Washington D.C.: Astronomers have captured new, detailed maps of three nearby interstellar gas clouds containing regions of ongoing high-mass star formation.
The results of this survey, called the Star Formation Project, improves the understanding of the star formation process.
Stars such as the Sun are born from interstellar gas clouds. These interstellar gas clouds are difficult to observe in visible light but emit strong radio wavelength, which can be observed by the Nobeyama 45-m Radio Telescope in Japan.
A research team led by Fumitaka Nakamura, an Assistant Professor at the National Astronomical Observatory of Japan (NAOJ), used the telescope to create detailed radio maps of interstellar gas clouds, the birthplaces of stars.

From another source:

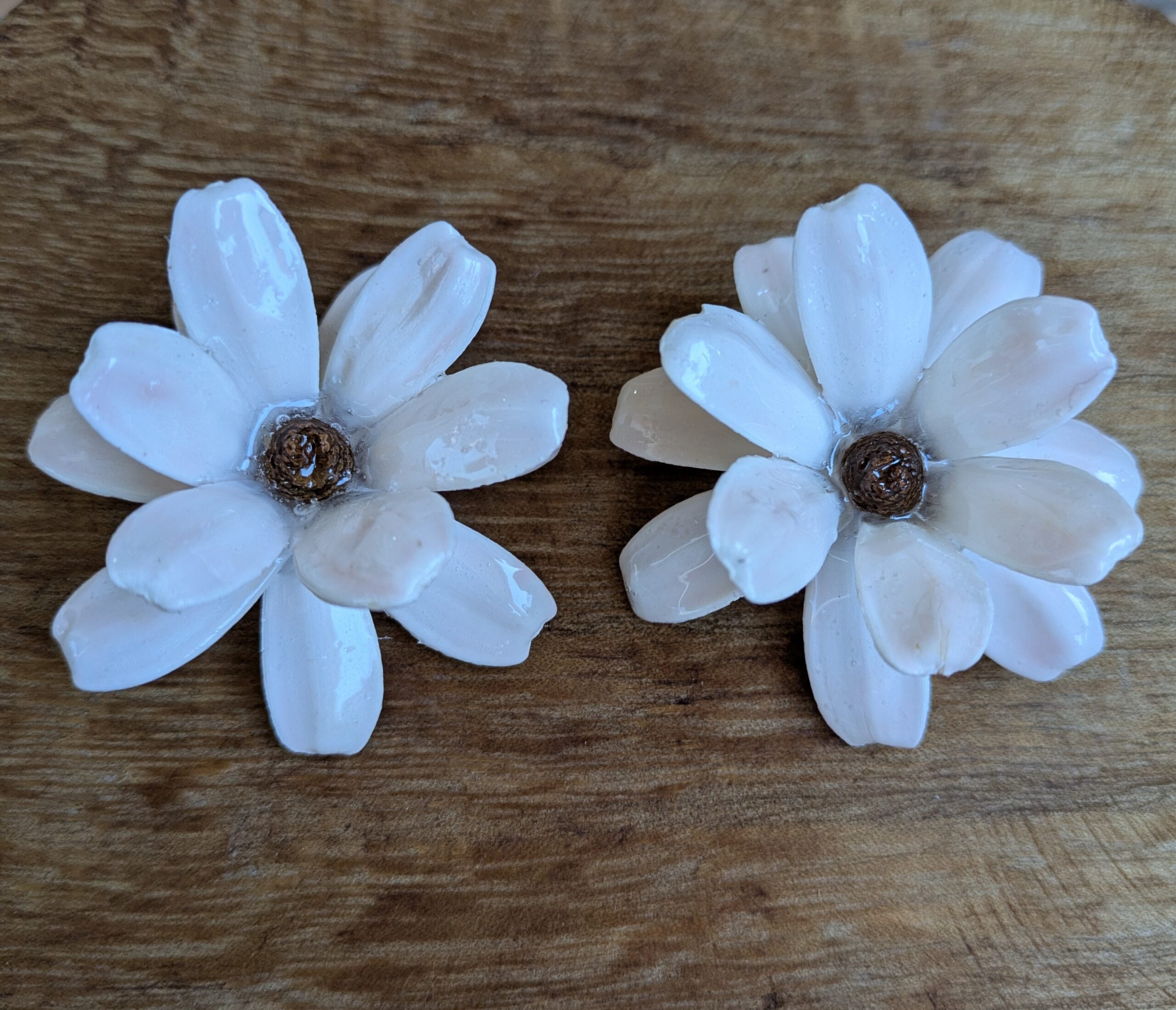Estos pendientes están elaborados con auténticas semillas naturales encapsuladas en un polímero transparente, preservando su forma y color para que luzcan como recién cortadas. Cada pieza es única, ya que ninguna flor es igual a otra, aportando un toque especial y artesanal a tu look.

The team including members from NAOJ, the University of Tokyo, Tokyo Gakugei University, Ibaraki University, Otsuma Women’s University, Niigata University, Nagoya City University, and other universities, use the observational data to investigate the star formation process.
The team targeted three interstellar clouds: the Orion A, Aquila Rift, and M17 regions.
For the Orion A region, the group collaborated with the CARMA interferometer in the United States, combining their data to create the most detailed map ever of the region. The resultant map has a spatial resolution of about 3200 astronomical units. This means that the map can reveal details as small as 60 times the size of the Solar System.
Even the world’s most powerful radio telescope, the Atacama Large Millimeter/submillimeter Array (ALMA), could not obtain a similar large-scale map of Orion A because of ALMA’s limited field-of-view and observation time constraints. But ALMA can investigate more distant interstellar clouds.
Therefore, this large-scale, most-detailed radio map of the Orion A gas cloud obtained by the Star Formation Project is complementary with other observational research.
These results appeared in the Special Issue ‘Nobeyama 45 m Telescope: Legacy Project and Reciever FOREST’ of Publication of the Astronomical Society of Japan in December 2019.